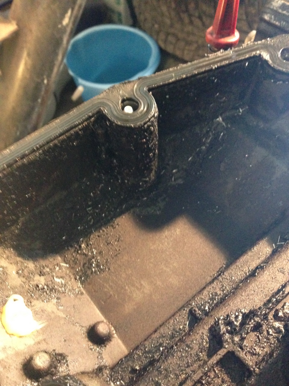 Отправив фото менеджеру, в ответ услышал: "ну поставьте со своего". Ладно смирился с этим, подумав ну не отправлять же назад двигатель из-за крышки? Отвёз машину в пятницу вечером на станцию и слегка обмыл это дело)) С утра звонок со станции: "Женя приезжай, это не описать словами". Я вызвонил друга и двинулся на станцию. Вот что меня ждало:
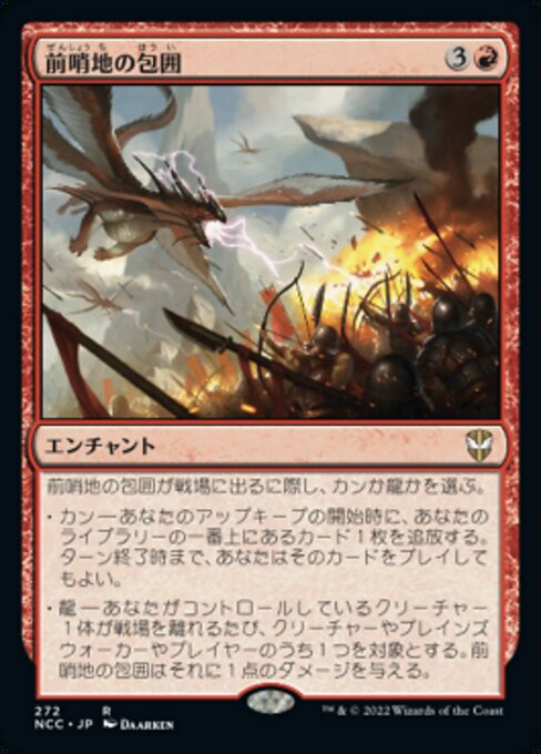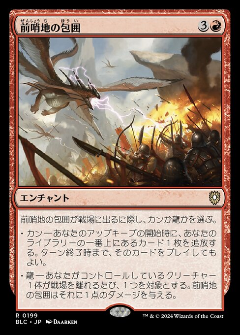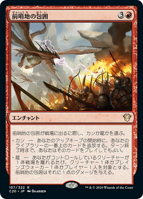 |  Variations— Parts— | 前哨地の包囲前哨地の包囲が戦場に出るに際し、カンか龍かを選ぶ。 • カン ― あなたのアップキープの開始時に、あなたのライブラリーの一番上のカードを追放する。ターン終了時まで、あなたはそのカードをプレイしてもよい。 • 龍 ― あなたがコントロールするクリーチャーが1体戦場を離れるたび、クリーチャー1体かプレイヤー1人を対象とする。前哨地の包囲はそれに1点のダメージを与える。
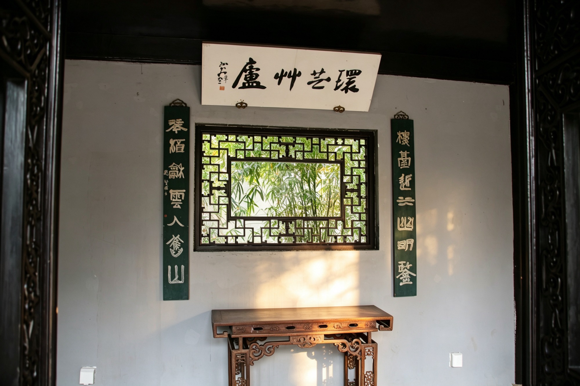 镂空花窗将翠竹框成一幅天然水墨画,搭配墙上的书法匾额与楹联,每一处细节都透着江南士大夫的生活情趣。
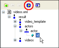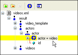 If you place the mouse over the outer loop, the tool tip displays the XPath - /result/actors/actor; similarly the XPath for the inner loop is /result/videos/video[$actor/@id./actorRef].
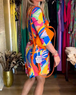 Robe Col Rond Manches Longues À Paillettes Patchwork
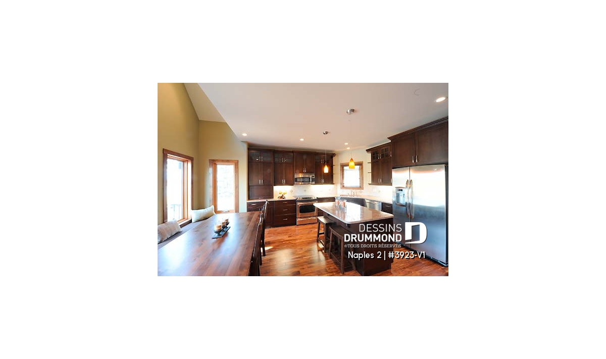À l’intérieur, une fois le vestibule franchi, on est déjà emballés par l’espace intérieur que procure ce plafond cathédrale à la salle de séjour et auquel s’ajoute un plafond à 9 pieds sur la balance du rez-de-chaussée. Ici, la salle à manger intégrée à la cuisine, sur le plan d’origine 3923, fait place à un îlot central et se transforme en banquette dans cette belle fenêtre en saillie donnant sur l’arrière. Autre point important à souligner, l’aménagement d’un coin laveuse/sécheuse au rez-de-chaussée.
--
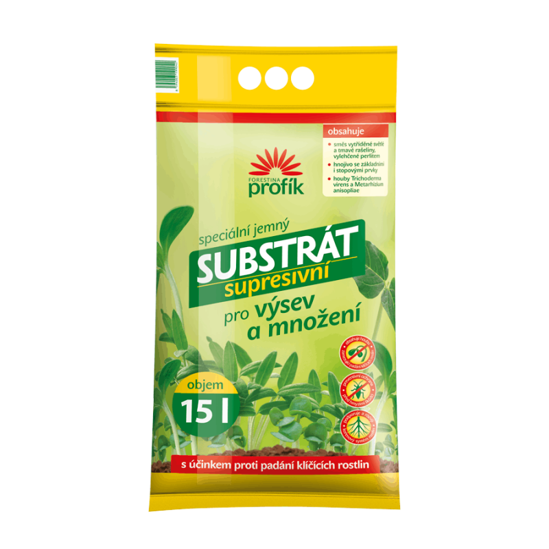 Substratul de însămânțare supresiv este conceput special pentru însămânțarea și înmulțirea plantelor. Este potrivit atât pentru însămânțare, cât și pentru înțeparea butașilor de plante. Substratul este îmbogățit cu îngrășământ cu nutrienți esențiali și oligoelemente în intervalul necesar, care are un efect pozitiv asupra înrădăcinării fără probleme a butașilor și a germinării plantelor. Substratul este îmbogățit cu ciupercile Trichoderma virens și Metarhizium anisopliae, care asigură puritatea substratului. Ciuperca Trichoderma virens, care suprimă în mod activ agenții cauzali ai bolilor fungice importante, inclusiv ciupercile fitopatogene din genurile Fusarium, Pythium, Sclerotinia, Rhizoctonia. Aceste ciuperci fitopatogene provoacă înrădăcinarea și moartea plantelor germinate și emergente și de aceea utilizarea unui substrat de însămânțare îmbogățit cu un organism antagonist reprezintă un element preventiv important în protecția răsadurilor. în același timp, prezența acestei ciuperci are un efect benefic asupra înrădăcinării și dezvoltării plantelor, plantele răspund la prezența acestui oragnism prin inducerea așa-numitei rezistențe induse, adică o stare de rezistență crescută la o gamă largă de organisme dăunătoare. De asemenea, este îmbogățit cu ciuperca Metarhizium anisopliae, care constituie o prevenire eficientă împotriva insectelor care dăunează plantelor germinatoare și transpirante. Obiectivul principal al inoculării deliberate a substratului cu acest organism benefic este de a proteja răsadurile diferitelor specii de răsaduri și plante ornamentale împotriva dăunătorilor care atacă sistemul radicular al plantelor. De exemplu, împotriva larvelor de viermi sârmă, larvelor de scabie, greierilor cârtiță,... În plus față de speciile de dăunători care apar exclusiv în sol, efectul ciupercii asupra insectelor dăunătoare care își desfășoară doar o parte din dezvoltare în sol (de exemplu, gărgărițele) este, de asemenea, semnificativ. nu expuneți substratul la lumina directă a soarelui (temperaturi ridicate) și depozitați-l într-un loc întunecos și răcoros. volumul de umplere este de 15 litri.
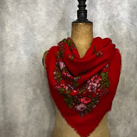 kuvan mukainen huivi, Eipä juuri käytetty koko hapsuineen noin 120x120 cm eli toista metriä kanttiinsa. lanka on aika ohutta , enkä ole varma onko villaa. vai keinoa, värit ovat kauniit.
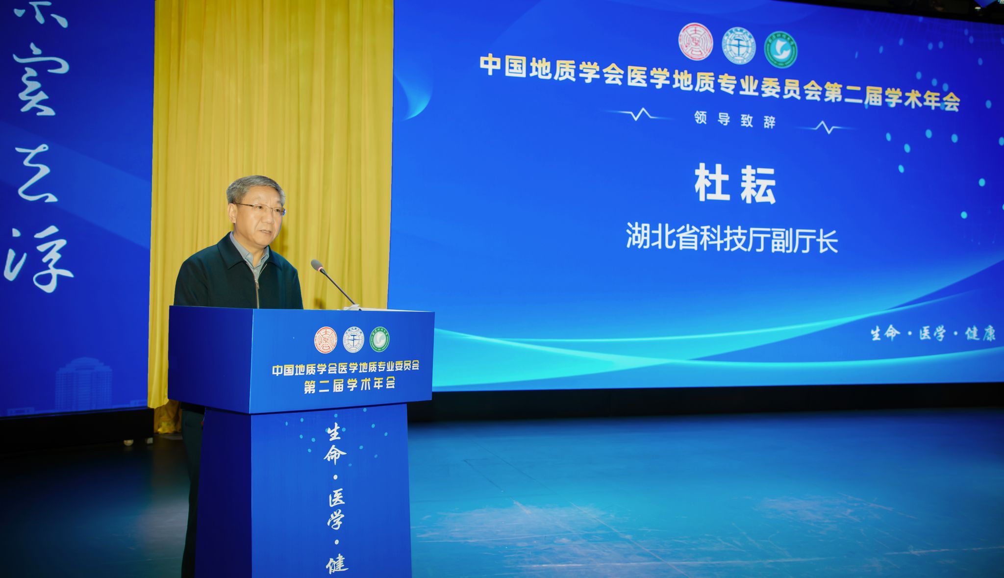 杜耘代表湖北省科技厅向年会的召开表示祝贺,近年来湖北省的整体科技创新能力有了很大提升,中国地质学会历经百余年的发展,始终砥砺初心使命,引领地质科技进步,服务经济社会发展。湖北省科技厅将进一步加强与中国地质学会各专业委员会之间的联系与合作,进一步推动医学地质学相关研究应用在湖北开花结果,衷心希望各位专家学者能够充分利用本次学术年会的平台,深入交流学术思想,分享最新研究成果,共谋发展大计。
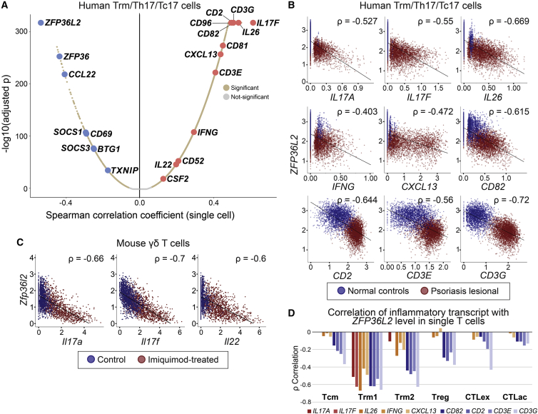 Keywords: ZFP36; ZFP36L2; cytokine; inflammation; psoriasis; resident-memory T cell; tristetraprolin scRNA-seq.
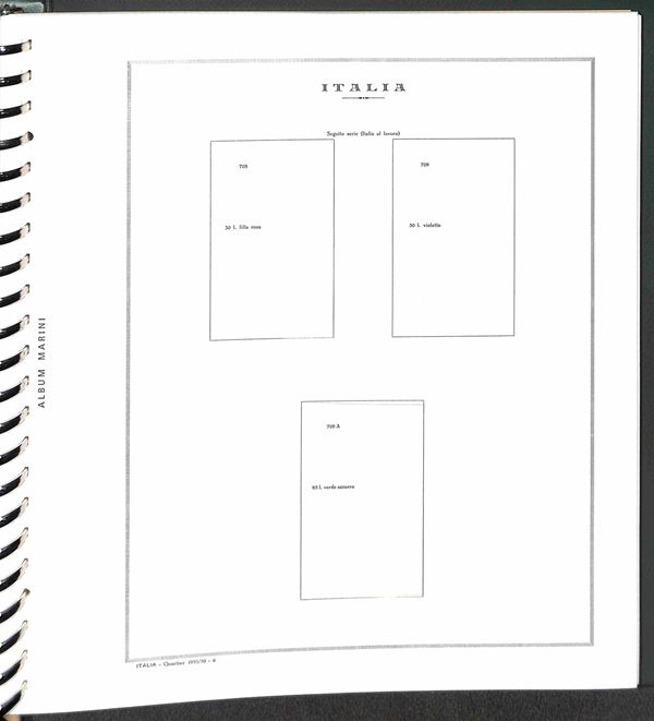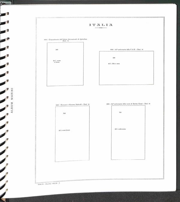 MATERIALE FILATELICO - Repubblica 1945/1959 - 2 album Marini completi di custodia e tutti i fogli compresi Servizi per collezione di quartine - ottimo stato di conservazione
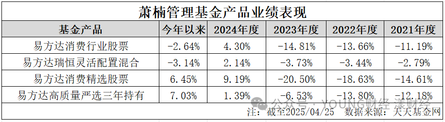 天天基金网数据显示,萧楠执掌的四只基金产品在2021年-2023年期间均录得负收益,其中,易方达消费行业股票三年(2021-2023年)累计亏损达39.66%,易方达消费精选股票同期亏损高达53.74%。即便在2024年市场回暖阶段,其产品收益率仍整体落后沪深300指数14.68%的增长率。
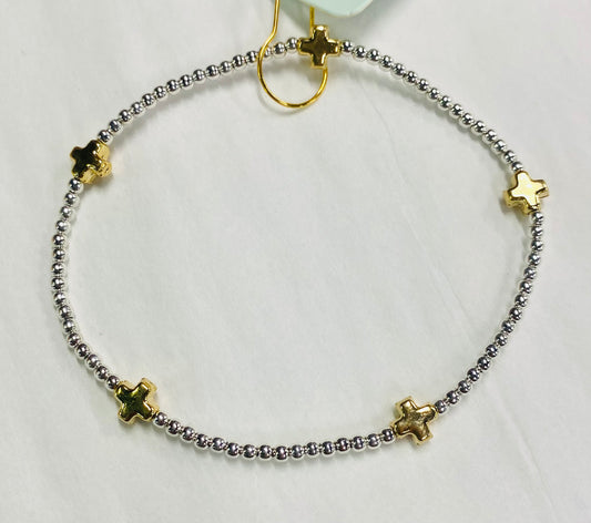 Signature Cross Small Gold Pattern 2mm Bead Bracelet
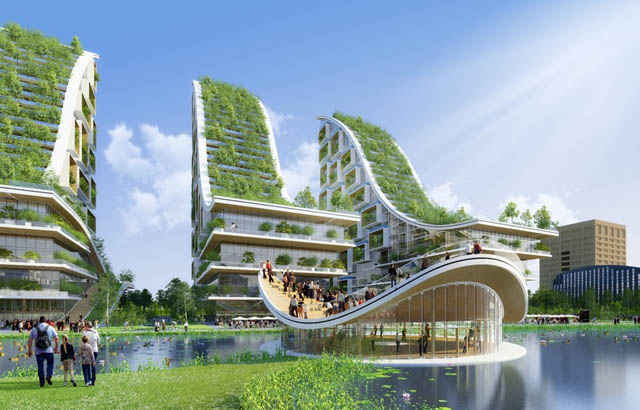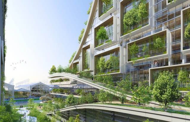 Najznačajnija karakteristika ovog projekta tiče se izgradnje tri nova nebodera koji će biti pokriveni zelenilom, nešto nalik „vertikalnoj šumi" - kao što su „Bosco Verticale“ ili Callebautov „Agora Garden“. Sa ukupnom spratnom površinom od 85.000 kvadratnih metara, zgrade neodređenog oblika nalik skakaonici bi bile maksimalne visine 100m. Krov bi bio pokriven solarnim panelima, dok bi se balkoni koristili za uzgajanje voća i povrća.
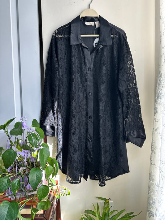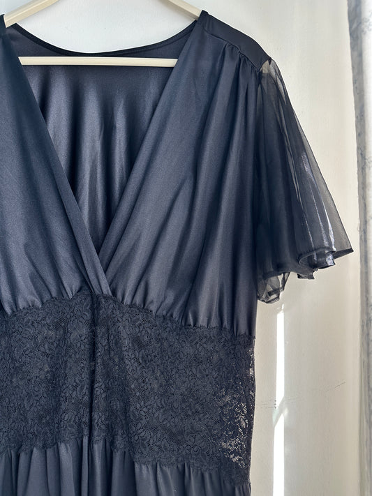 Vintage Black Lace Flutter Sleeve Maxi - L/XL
...
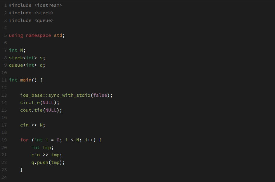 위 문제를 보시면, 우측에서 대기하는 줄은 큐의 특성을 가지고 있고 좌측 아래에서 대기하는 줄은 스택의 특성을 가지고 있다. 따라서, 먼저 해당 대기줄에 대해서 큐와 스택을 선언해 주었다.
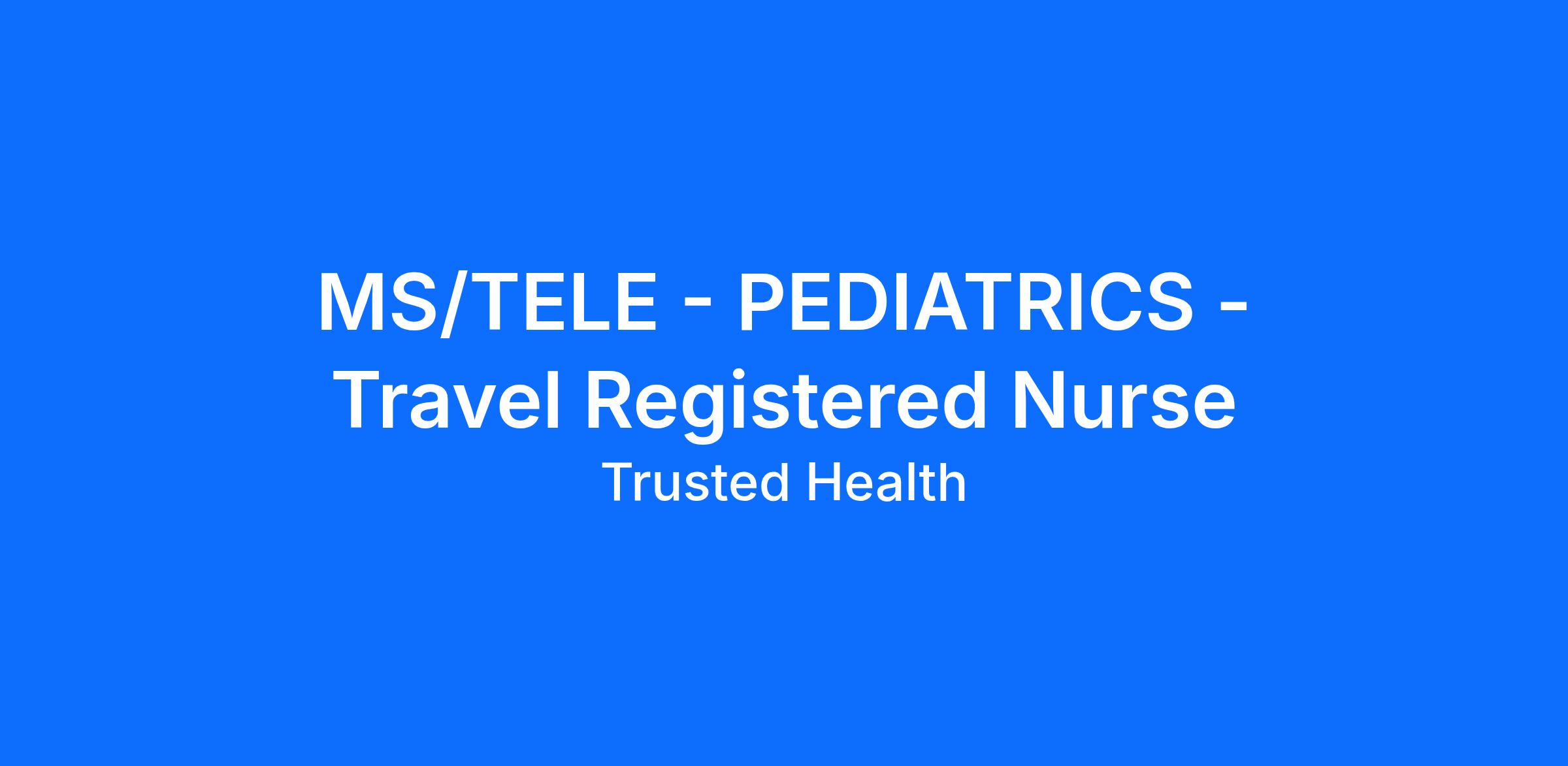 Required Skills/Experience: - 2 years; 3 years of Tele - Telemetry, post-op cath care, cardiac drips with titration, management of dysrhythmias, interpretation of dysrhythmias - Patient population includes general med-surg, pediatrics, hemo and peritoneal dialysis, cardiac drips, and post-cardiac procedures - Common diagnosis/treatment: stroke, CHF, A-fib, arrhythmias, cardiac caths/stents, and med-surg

ACTIVITY:
Look through the material above. Transcribe exactly the lines between the ones with "kuvan mukainen huivi, Eipä" and "MATERIALE FILATELICO - Repubblica", inclusive, and keep pictures out.

SOLUTION TO THE EXERCISE:
 kuvan mukainen huivi, Eipä juuri käytetty koko hapsuineen noin 120x120 cm eli toista metriä kanttiinsa. lanka on aika ohutta , enkä ole varma onko villaa. vai keinoa, värit ovat kauniit.
 杜耘代表湖北省科技厅向年会的召开表示祝贺,近年来湖北省的整体科技创新能力有了很大提升,中国地质学会历经百余年的发展,始终砥砺初心使命,引领地质科技进步,服务经济社会发展。湖北省科技厅将进一步加强与中国地质学会各专业委员会之间的联系与合作,进一步推动医学地质学相关研究应用在湖北开花结果,衷心希望各位专家学者能够充分利用本次学术年会的平台,深入交流学术思想,分享最新研究成果,共谋发展大计。
 Keywords: ZFP36; ZFP36L2; cytokine; inflammation; psoriasis; resident-memory T cell; tristetraprolin scRNA-seq.
 MATERIALE FILATELICO - Repubblica 1945/1959 - 2 album Marini completi di custodia e tutti i fogli compresi Servizi per collezione di quartine - ottimo stato di conservazione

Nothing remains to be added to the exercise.